Wielki mistrz stanął przy oknie, gospodarskim gestem ujął się pod boki i z zadumą objął spojrzeniem coraz
żywiej gramolącą się brać zakonną. Trębacz był nieugięty, ale sierżanci skrzykiwali już oddziały łuczników
w równe szeregi, a z remizy wytaczano niedzielną katapultę. Giermkowie zbierali opróżnione baryłki
zwrotne, potykając się o najbardziej ubawionych braci, pachołkowie prowadzili rżące wesoło i zataczające
się konie do wodopoju, a któryś z braci wyczołgał się z fosy, odchylił przyłbicę i rozejrzał się ze
zdziwieniem. Skrzypnęła katapulta.
Ulryk chlipnął, otarł łzę wzruszenia i naraz oznajmił wielkim głosem.
– Papież jest nieomylny. Ma rację, znaczy się. Czy my niedobrzy chrześcijanie, Kościoła zbrojne ramię,
Kuno?
– Było o tym na tych ulotkach... – zawahał się Kuno.
– Trza nam w te pędy Zakon do kupy pozbierać i na Litwę ruszyć! – rozochocił się mistrz. – Pokonamy
tych psubratów i papież nam prezenty przywiezie, kiedy na święta wpadnie! A Litwa wielka, Kuno, wielka!
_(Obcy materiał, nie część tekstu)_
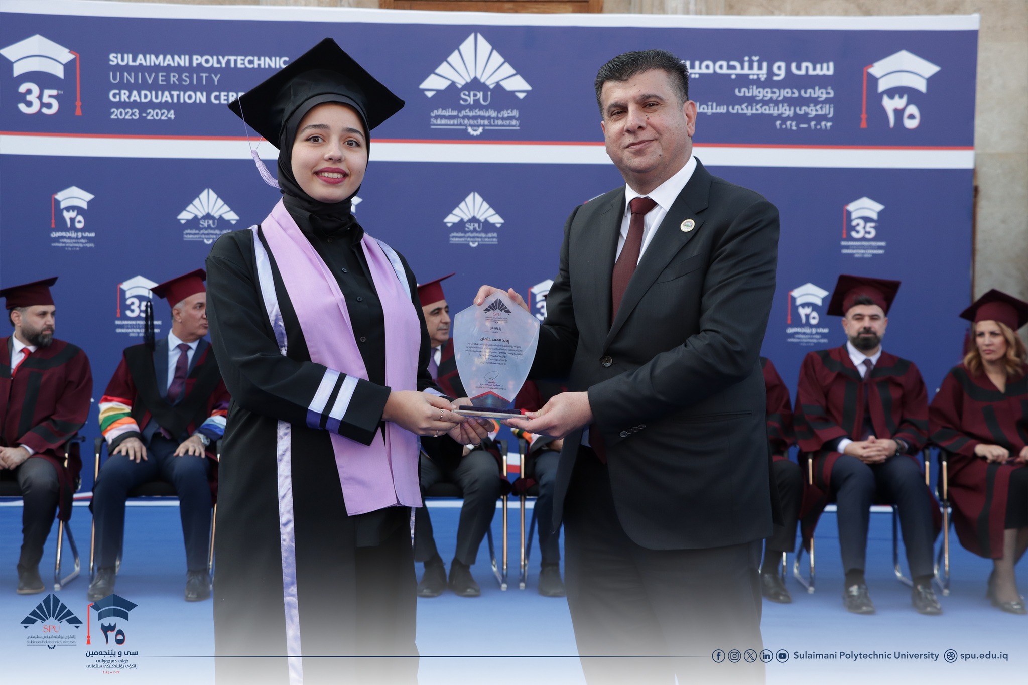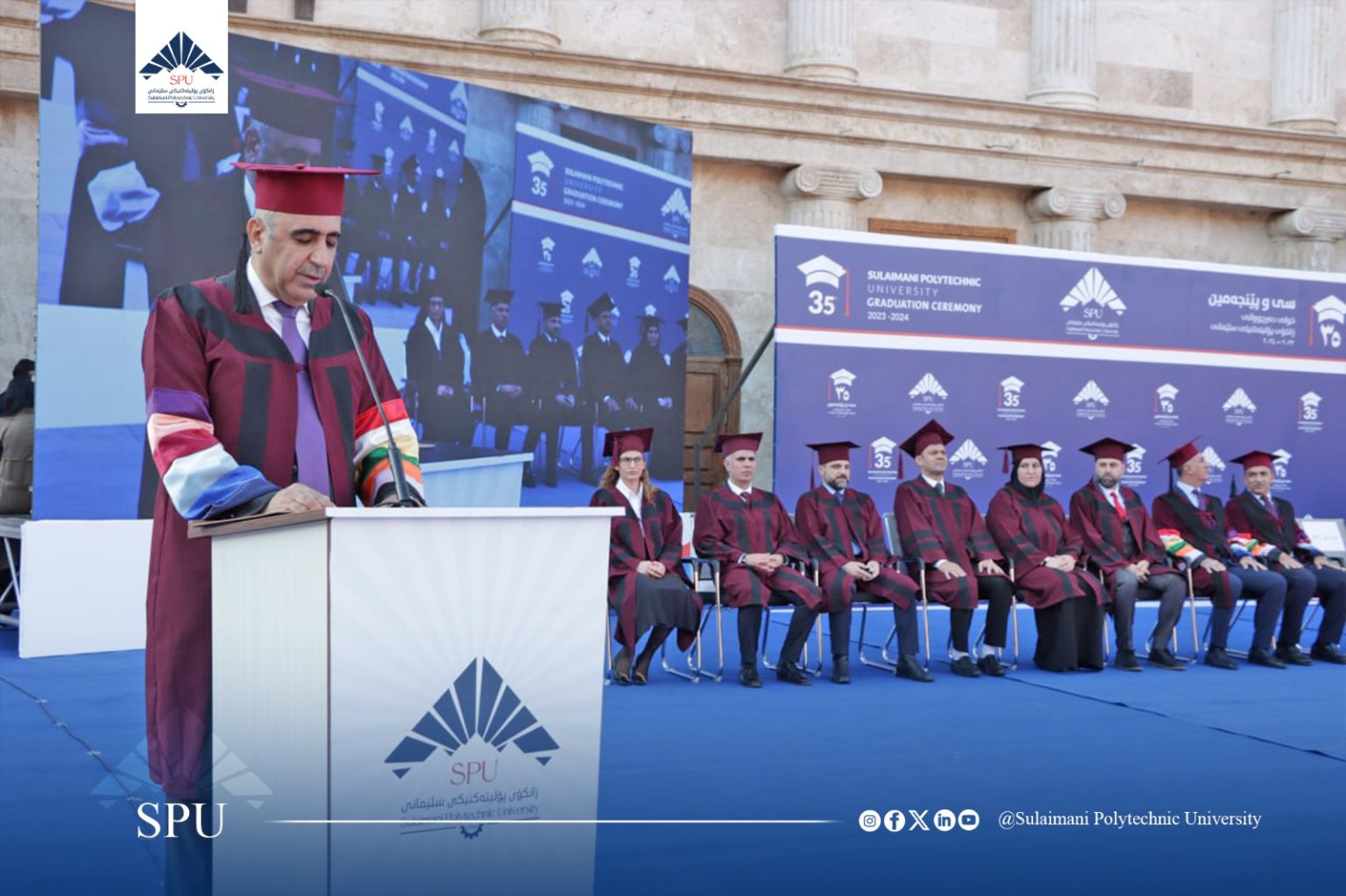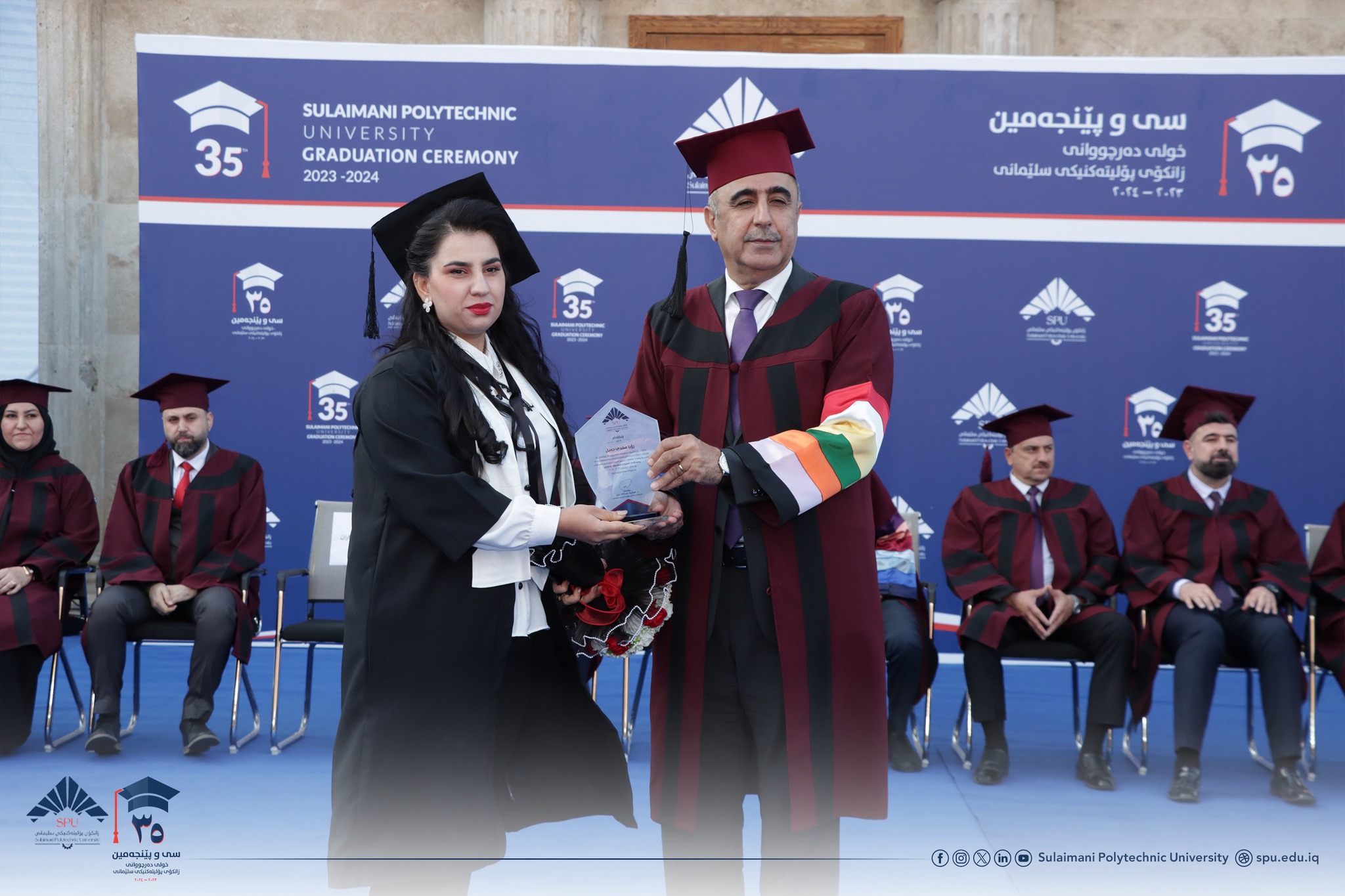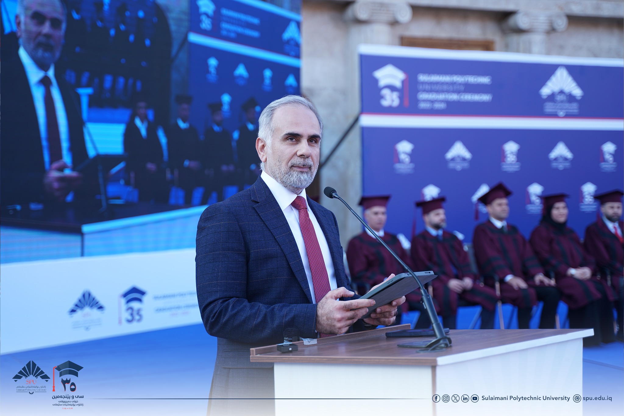 Prof. Dr. Hoshyar Abdullah Aziz, President of Sulaimani Polytechnic University, delivered a speech. After welcoming the guests, he congratulated all the students and wished them a bright future. In his speech, he hoped that in the future they will play a significant role in the development of Kurdistan. He reaffirmed the support of the university to the students and said that the level of science is very advanced. He also said that as one of the most prominent scientific and technological centers in the Kurdistan Region, Sulaimani Polytechnic University has always tried to become a bridge between science and industry, between theory and practice, so you, as graduates of this university, are now part of this proud heritage.

Nachrystianizujemy się po pachy!
Wiatr znad Bałtyku rozwiewał poły jego piżamy, a pierwsze promienie słoneczne utkały aureolę wokół jego
głowy. Ogarnięty ekstazą, znów zwrócił się ku dziedzińcowi i naraz z jego ust wyrwał się okrzyk wielki
"Litwo!". Jak głosi legenda, echo owego wrzasku unosiło się w niebiosach przez dobrych parę stuleci, na
stałe wżerając się do światopoglądu pewnej grupy narodowościowej, po czym pewien nieznany bliżej poeta
chwycił za pióro i rozpoczął tym słowem obrzydliwe długi poemat, co wzbudziło to zdecydowanie
antylitewskie nastawienie większości polskich licealistów.
Na szczęście w pewnym momencie wielkiemu mistrzowi zabrakło tchu i wyczerpany oparł się o parapet.
Przy okazji zerknął też w dół.
– Kuno? – Zmarszczył brwi. – Co nasz biskup robi w fosie?
– Jaka tam fosa – pisnął Kuno. – Ledwo rów z wodą...
– Nie wykręcaj się od odpowiedzi! – ryknął Ulryk , odwróciwszy się w stronę rozmówcy.
– Bo... bo pił z bratem Wolfgangiem... – dukał Kuno, wytarłszy twarz z resztek owsianki. – ... i brat
Wolfgang mówił, że polska wódka diabelsko w gardło piecze... i... biskup poszedł
ein bißchen
wody
święconej wziąć na popitę... A że zejście do fosy śliskie...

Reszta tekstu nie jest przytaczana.